# NASA's Tetrads and the coming Four Blood Moons



## charito (Oct 12, 2013)

John Hagee talks about the coming four blood moons when I stumbled onto that channel. He was already in the middle of it, but I was intrigued by what he was actually explaining. He was connecting NASA's predictions of coming solar and lunar eclipses (a group of 4) in 2014-2015, with the blood moons of the past.

It's about the message.

He reiterated several times that he's not making the prophesy. What he's doing is using the scientific predictions of NASA and connecting them with the history of Israel, and he's basing this on biblical verses ( Genesis, Joel Ezekiel, and Luke).

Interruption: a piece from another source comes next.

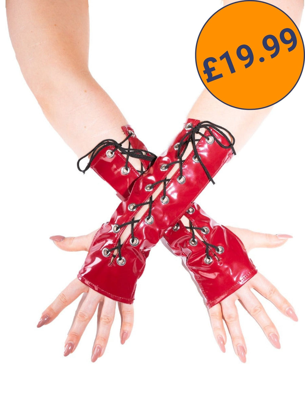 Secret Sale - PVC Gauntlet Gloves In Burgundy Or Black

These are the coming four blood moons as predicted by NASA.

2014 Apr 15: Total Lunar Eclipse 
2014 Apr 29: Annular Solar Eclipse 
2014 Oct 08: Total Lunar Eclipse 
2014 Oct 23: Partial Solar Eclipse 
NASA - Eclipses During 2014

The last 3 times the blood moons - those sets of 4 - appeared were in 1492, 1948 and 1967. NASA kept a record of those.....however, Hagee checked out those dates and those dates were significant in Israel's history.

In *1492* the Edict of Expulsion was decreed in Spain. (This event - with Christopher Columbus - is connected to the discovery of America)

In *1948*, Israel was granted his statehood. Jews came home.

In *1967*, that was the miracle 6-day war. Jerusalem was reunited with Israel.

It's also said that



> _the other two blood moons will come in 2015, but what is the most remarkable is that all four fall on either Passover or Tabernacles -- significant Jewish feasts. The latter two are on Passover, April 4, 2015 and then Tabernacles, the 28th September, 2015. The latter two also have partial solar eclipses associated with them.
> 
> This lunar tetrad event, coupled with Jewish feasts, will only occur once in this 21st century. _


This is a long video, but really quite interesting.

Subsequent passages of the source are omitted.